Horror exploded in the 1970s. Following the runaway success of Rosemary’s Baby and fueled by the political turmoil of the time, horror publishing rode a wave that didn’t break until the late 1980s. That phenomenon is explored in Grady Hendrix’s Paperbacks from Hell (Quirk 2017), which presents a road map to the horror that filled the bookracks of drugstores, supermarkets, and newsstands of the day. Some of those books were amazingly good. Most weren’t. And therein lay the dilemma — separating the wheat from the chaff, the cream from the curds, the high-octane from the unprocessed crude. It wasn’t easy, and toward the end of the run, the glut of mediocre and outright-bad product led to a genre implosion by the early 90s. Something similar is happening today, but with digital platforms taking the place of those ubiquitous 20th-century bookracks.
So many titles. How does a reader find the good stuff? That was one of the questions explored at last week’s Confluence panel The Best of Recent Horror, where moderator Darrell Schweitzer led a discussion that identified some of the panelists’ favorite works from recent years.
First off, Darrell Schweitzer recommended a Japanese vampire novel that he reviewed in Dead Reckonings 23. A Small Charred Face (Haikasoru 2017) by Kazuki Sakuraba presents a fresh take on the familiar vampire trope, proving something that Ellen Datlow writes in The Best of the Best Horror of the Year, namely that “there’s a reason these tropes […] don’t go away.

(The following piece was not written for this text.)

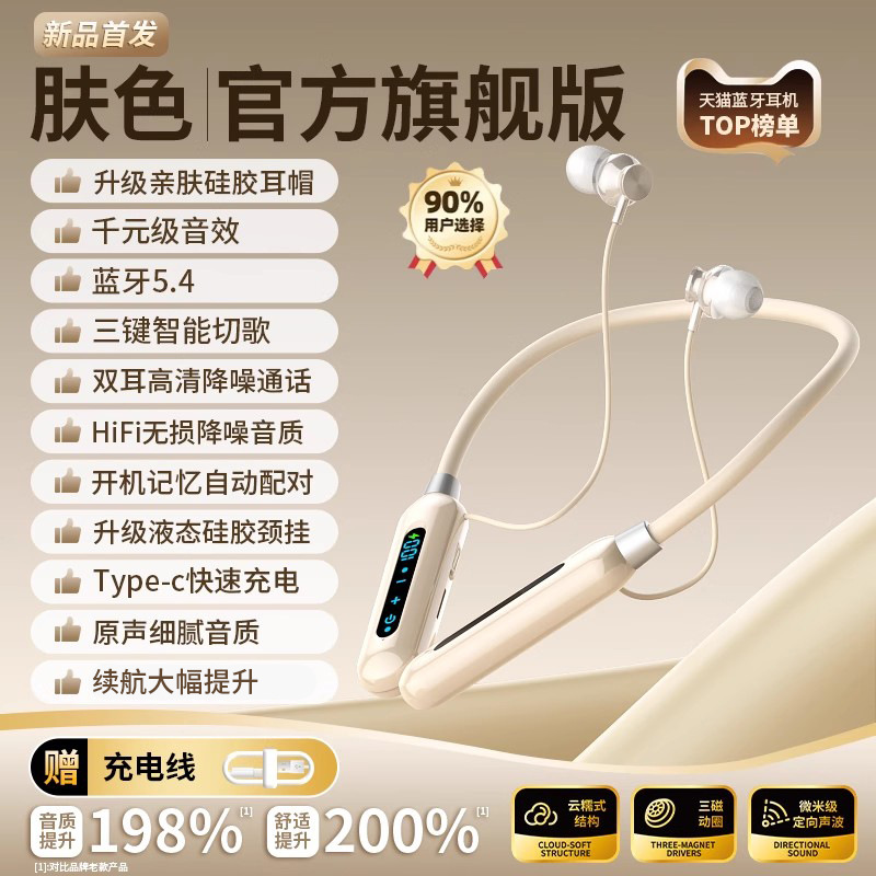 - 肤色【旗舰版】9D重低音★金属磁吸★精准电量显示★续航大幅提升

They are not tired, they are not worn out. And as long as writers take a fresh look at them and continue to create bracing takes on them, they never will be.” According to Schweitzer’s review, A Small Charred Face is such a novel. I’ve ordered my copy.
Another highly recommended novel is The Ritual of Illusion (PS Publishing 2013) by Richard Christian Matheson, which not only presents a frightening tale set against the backdrop of the Hollywood film industry but does so in a format perfectly suited for a story about movies. Told as a series of brief quotations, the novel might be considered a collection of flash fiction stories were it not for the compelling way the snippets link together — like single frames of film — to create a persistence-of-vision narrative.

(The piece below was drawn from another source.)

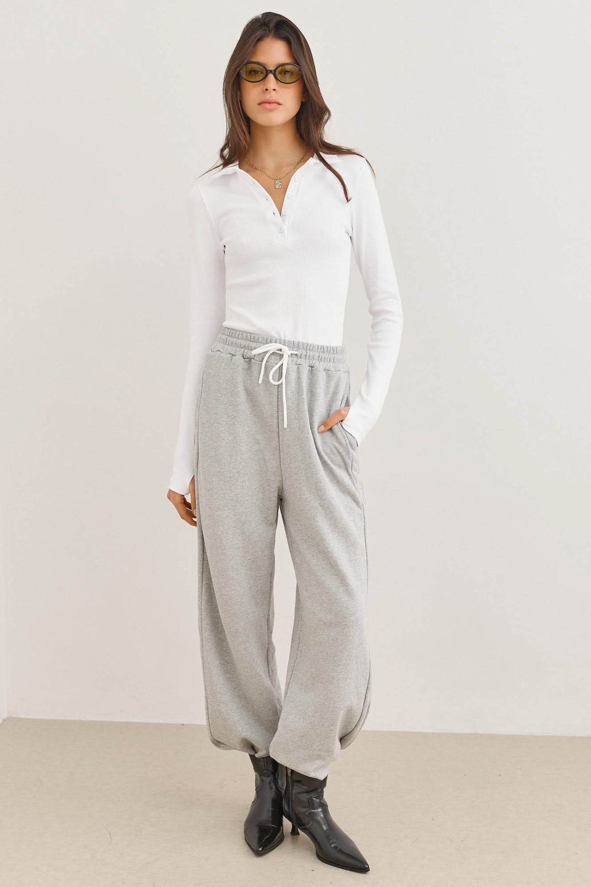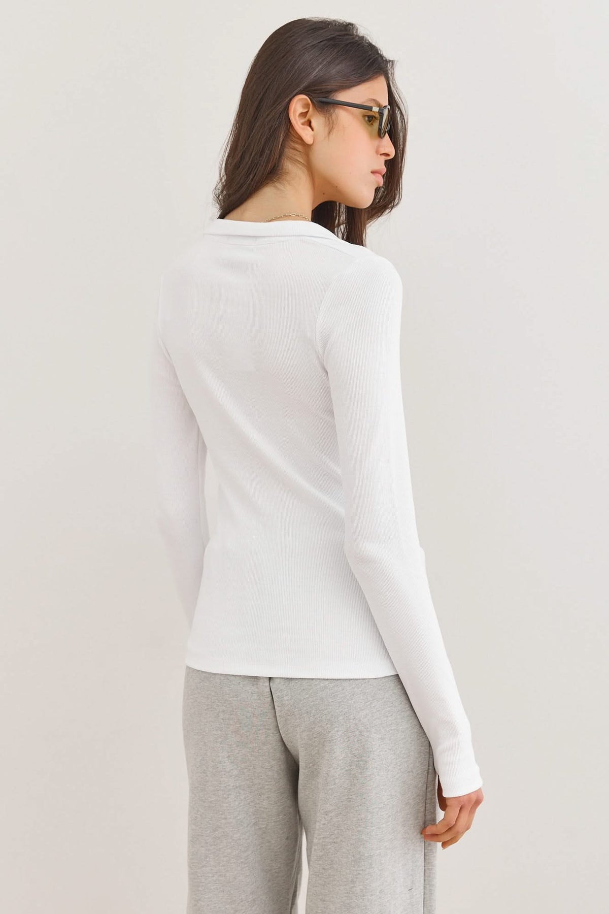 חולצת בייסיק מבד ריב מעולה, בשילוב צווארון פולו, כפתורים ושרוולי כפפה

I’ll be reviewing The Ritual of Illusion in more detail in an upcoming post. For now, I urge you to check it out. Highly recommended.
The panelists also talked about a few favorite short stories and novellas from the past decade or so, foremost among them “The Church on the Island” by Simon Kurt Unsworth, originally published in At Ease with the Dead (Ash-Tree Press 2007) and currently available in The Mammoth Book of the Best of Best New Horror (Robinson 2010). Benefiting from a rich sense of place and a whispering weirdness that recalls the best work of Robert Aickman, the story explores the place of evil in the world and the way that a single person might keep it at bay. Nominated for the World Fantasy Award, the story is worth seeking out, as is everything else Unsworth has written.

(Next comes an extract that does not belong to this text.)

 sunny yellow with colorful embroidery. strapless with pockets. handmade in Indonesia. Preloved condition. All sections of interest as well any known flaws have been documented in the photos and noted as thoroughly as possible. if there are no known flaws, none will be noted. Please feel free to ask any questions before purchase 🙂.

You can read more about Simon Kurt Unsworth’s work and hear a short audio interview here.
A few of the other noteworthy stories mentioned during the panel included “The Lowland Sea” (2009) by Suzy McKee Charnas, “Little America” (2012) by Dan Chaon, and “Black and White Sky” (2010) by Tanith Lee — all of which can be found in The Best of the Best Horror of the Year: 10 Years of Essential Short Horror Fiction edited by Ellen Datlow. Indeed, the many Best-Of collections currently available from established publishers are one of the best ways of finding clear signals amid the noise.
Some people claim that horror fiction is dead, that all the truly great novels and stories have been written. The author Saul Bellow once dismissed such of logic in a thoughtful review of Ralph Ellson’s Invisible Man. “Fine novels are few and far between,” he wrote. “But then fine anythings are few and far between.” The good stuff is out there. Seek it, and enjoy!